Abstract :
[en] Tripeptide glutathione (GSH), the most abundant non-protein thiol compounds in cells, plays an important role in many cellular mechanisms. GSH is also a biotechnology-oriented molecule with applications in medicine, food, and cosmetics. The GSH precursor, namely gamma-glutamylcysteine (γ-GC), has also shown its therapeutic potential. Y. lipolytica is a non-conventional yeast and is of interest as a cell factory for pharmaceuticals, food- and feed-related applications.
In this thesis, we firstly improve the glutathione production in Y. lipolytica by overexpression of the endogenous biosynthetic genes GSH1 and GSH2, encoding γ-glutamylcysteine ligase (GCL) and glutathione synthetase (GS) enzymes, respectively. The strain was further engineered for the ability to metabolize carbon sources from organic wastes including glycerol, lactose, starch, and inulin. The glutathione overproducing strain with inulin-adapted metabolism showed the highest GSH productivity. During bioreactor culture, maximal productivity and yield from inulin were 510 μmol/gDCW and 626 mg/L, respectively.

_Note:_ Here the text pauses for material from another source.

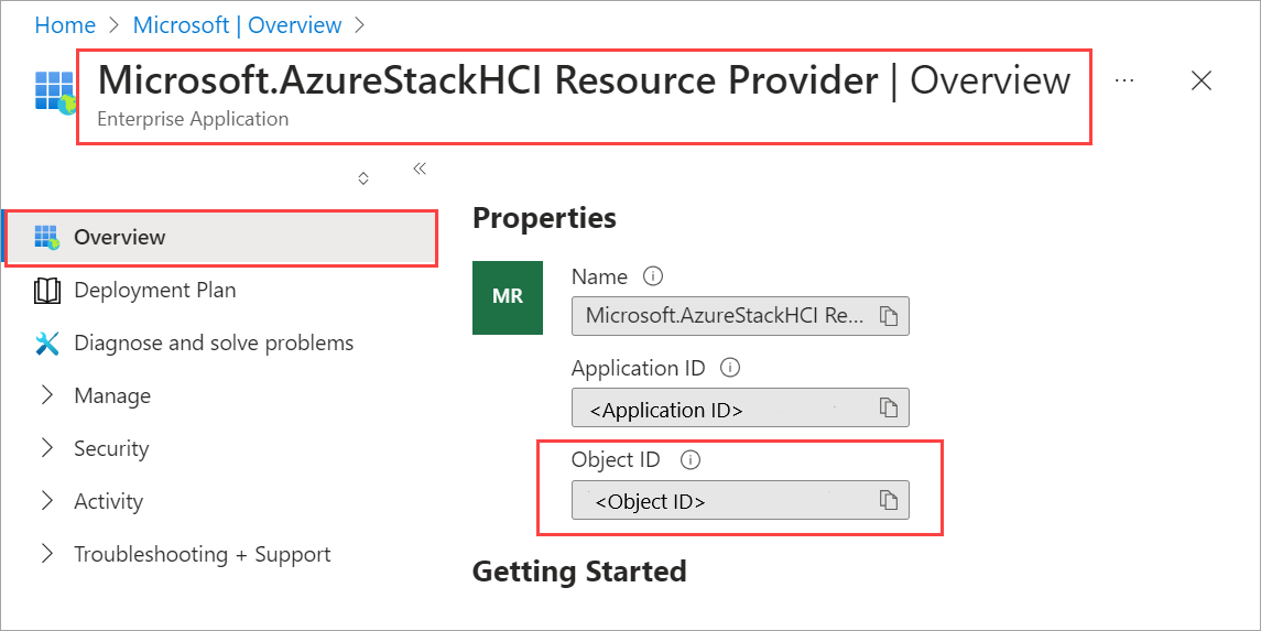| hciResourceProviderObjectID | Object ID of the Azure Local Resource Provider. For more information, see Get the object ID for Azure Local Resource Provider. |

One of the main bottlenecks in glutathione overproduction is the feedback inhibition of the GCL enzyme by glutathione. Unfortunately, multicopy integration of the GSH1 gene did not overcome this bottleneck. As a second strategy to increase thiol accumulation, we focused on glutathione precursor γ-GC, a dipeptide that can substitute for GSH in some cell mechanisms. We firstly disrupted the GSH2 gene before overexpressing GSH1 in multicopy. The constructed strains showed an increase in intracellular thiol production as demonstrated by means of NMR and LC-QTOF/MS as well as thiol measurement in the cell extract.